If Table_III.RData exists, the saved object sim_summary can be compared to paper_targets (printed when the script finishes). Key checks:

  • Mean coefficient ≈ 0.060—.062 (near OLS, not the AK91 IV point estimates).
  • Mean first-stage F ≈ 1 across all four columns.
  • Cols. 1 (4) and 1 (6): SD of coefficients ≈ 0.038—.039 (wide enough that 5th—5th percentiles often straddle zero).

Comparison with the published tables

After running the scripts, compare replication objects in each .RData file to paper_targets (printed in the R console).
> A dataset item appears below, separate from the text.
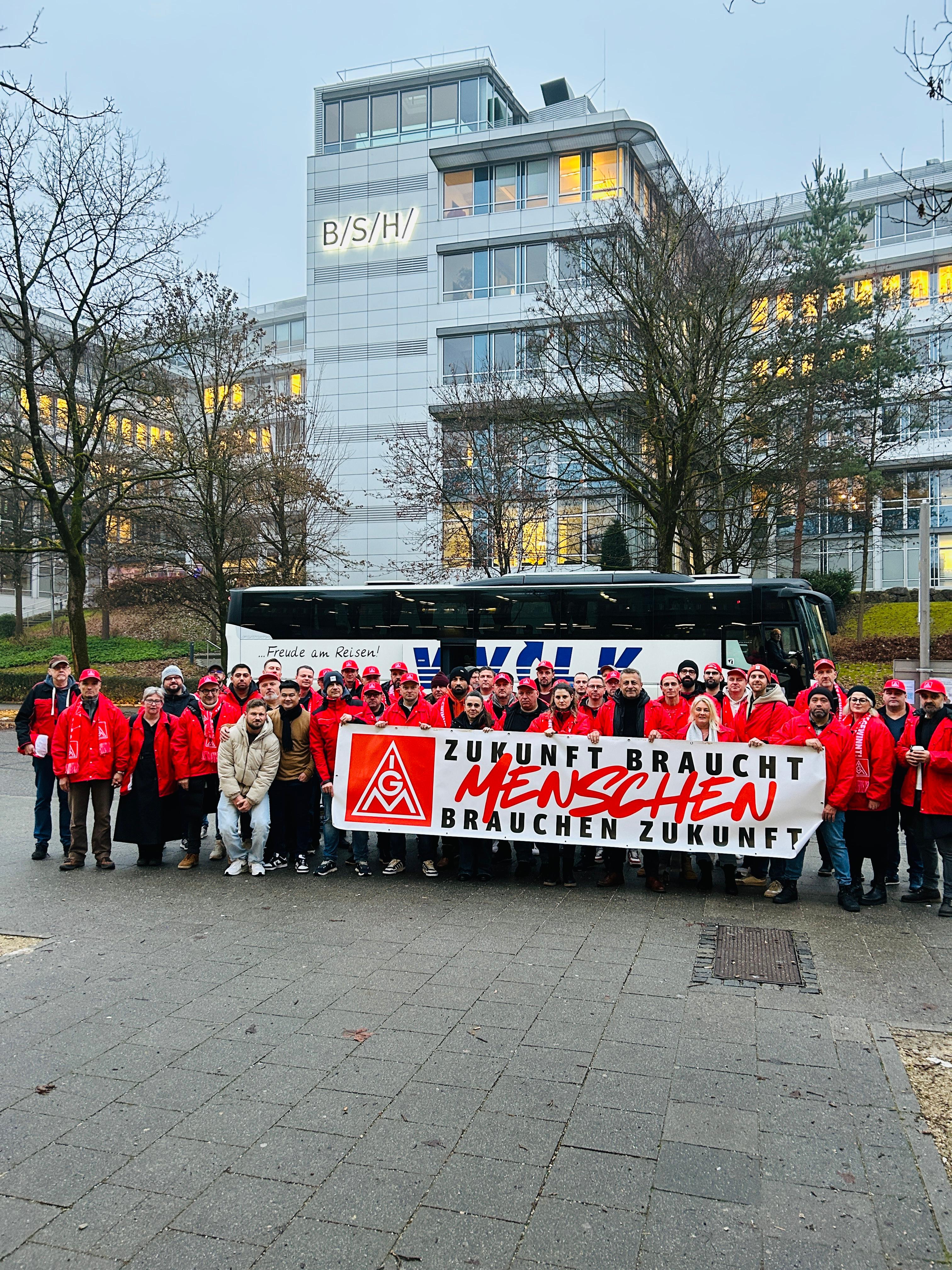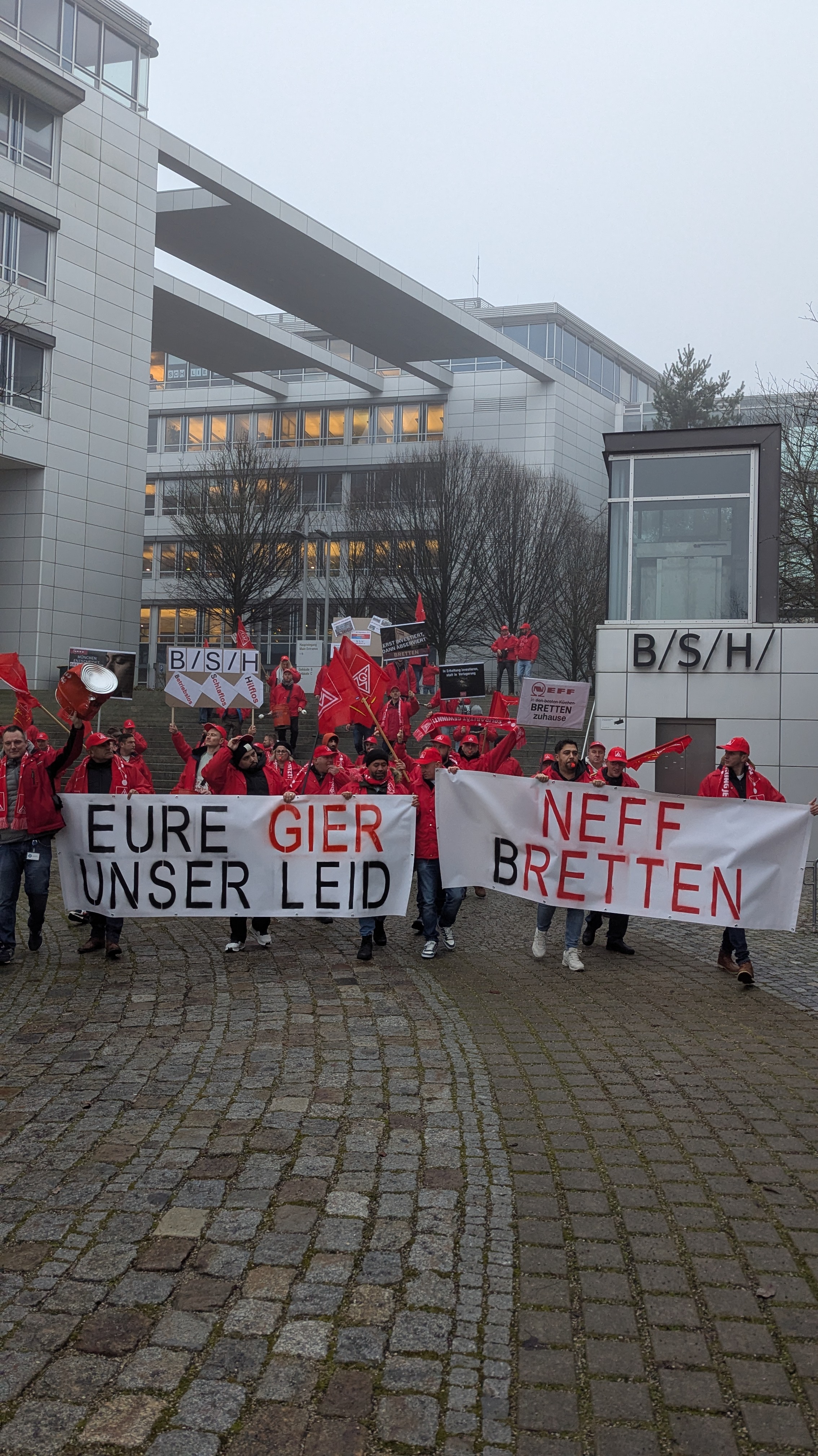 Um ihren Betriebsratsvorsitzenden lautstark bei seiner Rede in der Betriebsversammlung der BSH-Zentrale in München zu unterstützen, haben sich am 11. Dezember 2025 ca. 60 Neffler mit dem Bus in die bayrische Landeshauptstadt begeben.

Key targets from Bound (1995):

  • Table 1, col. (6) IV: \(\hat\beta_{EDUC} \approx 0.060\), first-stage \(F \approx 1.61\).
  • Table 2, col. (4) IV: \(\hat\beta_{EDUC} \approx 0.081\), first-stage \(F \approx 1.87\).
  • Table 3: simulated-IV coefficient means ≈ 0.06 with mean first-stage F ≈ 1; SD —0.038 in Table 1 specs and —0.015 in Table 2 specs.

Relation to AK91

Both papers use the same underlying Census extract but different estimands and diagnostics:

  • AK91 reports full wage equations (Table V) to establish a positive return to schooling using QOB×YOB instruments.
  • Bound et al. add partial \(R^2\), first-stage \(F\), and Basmann overidentification statistics, and argue that weak instruments plus finite-sample bias undermine AK91’s IV interpretation.

For teaching weak IV, pair this replication with session-iv-weak.qmd.

References

Bound, John, David A. Jaeger, and Regina M. Baker. 1995. “Problems with Instrumental Variables Estimation When the Correlation Between the Instruments and the Endogenous Explanatory Variable Is Weak.” Journal of the American Statistical Association 90 (430): 443–50.